May 21, 2021

Aphoristic Observations

 The investing community while focused on the markets has not been without some influence brought in by a divided country. This is one reason I don’t follow any narrative as the final word on whether the markets are going up or down, if for no other reason than I’ve yet to meet anyone in my career who has the skill of predicting the future. Albeit probability can play a part in having such an opinion, but as I’ve written lately, an overbought market always corrects, we just don’t know why until it happens. I’m mentioning this because it’s much harder to make even predictable forecasts these days because the contributions are so vast. These are examples of what I refer to as aphoristic observations.


Are analysts right or wrong?

Recent releases of company earnings for the first quarter had companies such as Amazon (AMZN) that reported impressive results, well above analyst expectations but the stock traded down. This in part is because of the inference that the recent rise in interest rates, suggesting inflation, might have a negative impact on companies with low capacity to raise product prices. But it also resent the impact of a wave of SPAC’s that entered the NASDAQ in the last year that many Pindudes and speculators bought with their usual tendency, all conviction, no discipline.  Get them out of the way and the markets may take a breather and notice that AMZN, and many other established tech companies, are comparatively cheap. Lastly, although positive revisions in earnings estimates could be supportive, most of the good news appeared to be already priced into equity markets, hence the current correction that could limit, but not deny upside potential going forward.


Is inflation transitory or not?

Much of the narrative lately has been over the potential for disruptive inflation, and I agree. Where my opinion shifts are towards a more transitory appearance of inflation due to the transitory jump in growth. The reason is because growth has been a curious phenomenon after the last year of lockdowns, and to suggest it’s without causation to last year’s market decline ignores why inflation is rising as growth is as well. Inflation has no doubt gathered steam from the recent jump in commodity prices that feed the housing and construction markets. And that includes the infrastructure legislation, that in my opinion is still on track, and both should be watched closely. But the inflation we’ve seen in energy and consumer activity is a different story.

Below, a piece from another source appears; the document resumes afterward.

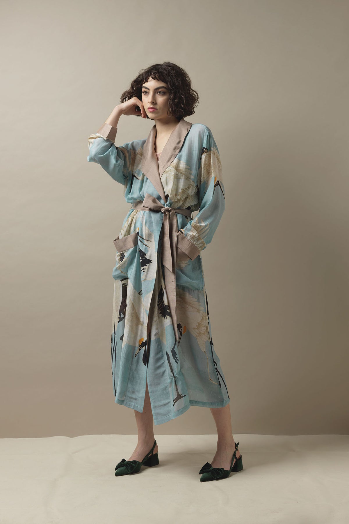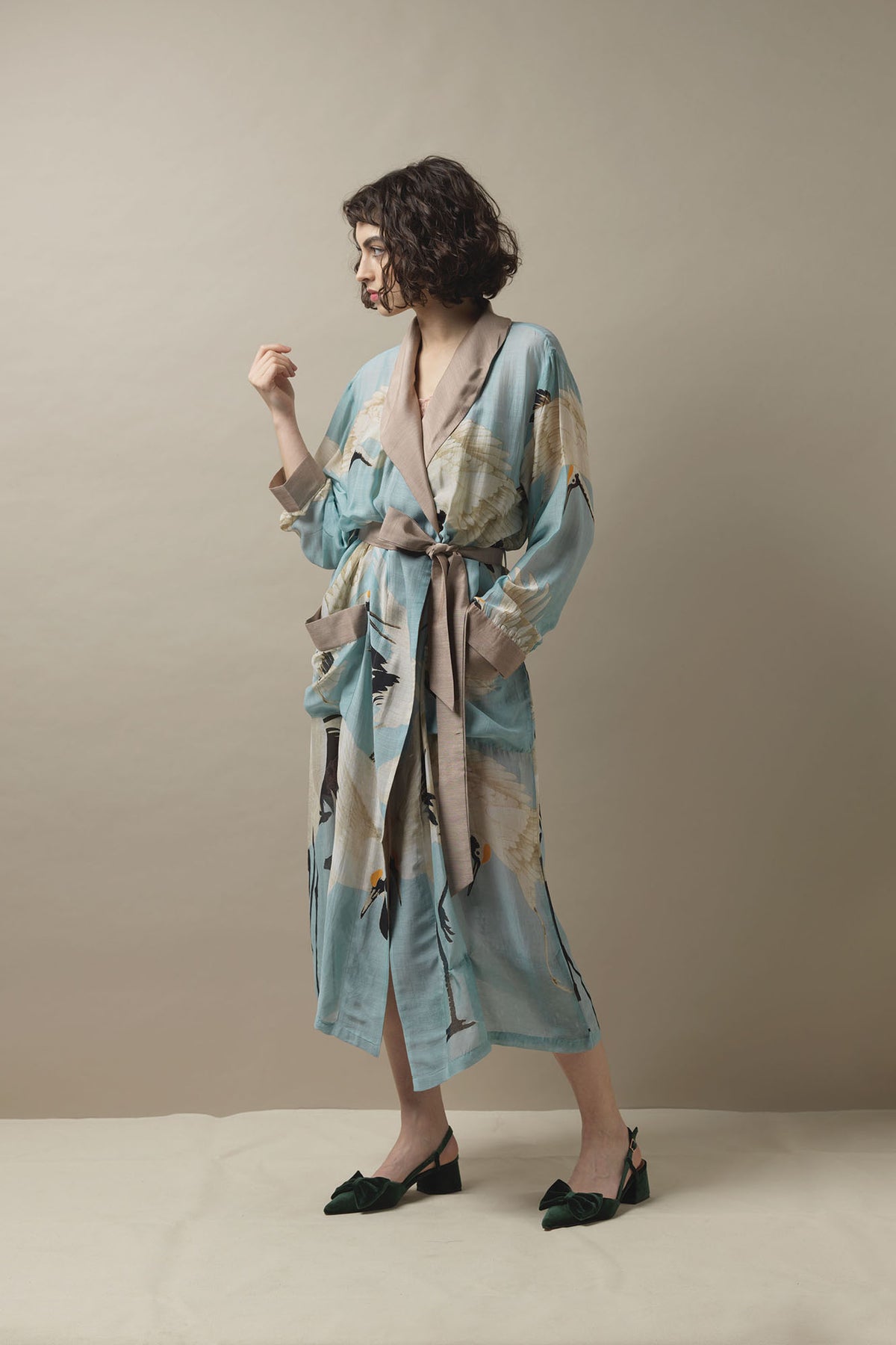 One Hundred Stars create beautiful screen-printed kimonos and gowns, all influenced by their travels around the world. Their garments are made in India and follow the highest standards of ethical, environmental, and health & safety policy.

Also gathering steam from the removal of mask mandates, approved by the CDC, many restaurants and smaller businesses are facing two problems. How to rebuild the depleted balance sheets and how to attract new employees. The former is to raise prices, which is not really inflation, and the latter which is likely to increase expenses which can drive prices as well but is not inflation. To balance, the two could likely return to pre-pandemic levels as competition is what will control prices in the future, and there’s no shortage of competition in the consumer discretionary sector. Energy is another story for another commentary.


I could go on, but I hope my point is clear, focus on investing opportunities. The infrastructure plan is still in the strategy for the portfolios, primarily because its impact on creating job opportunities. The strategy of portfolios also leans towards reopening ideas, but not post pandemic reopening’s, pre-pandemic reopening that complements apparel, cosmetics, travel, food and drink, the primary needs that, in my opinion are what have always kept most consumers happy.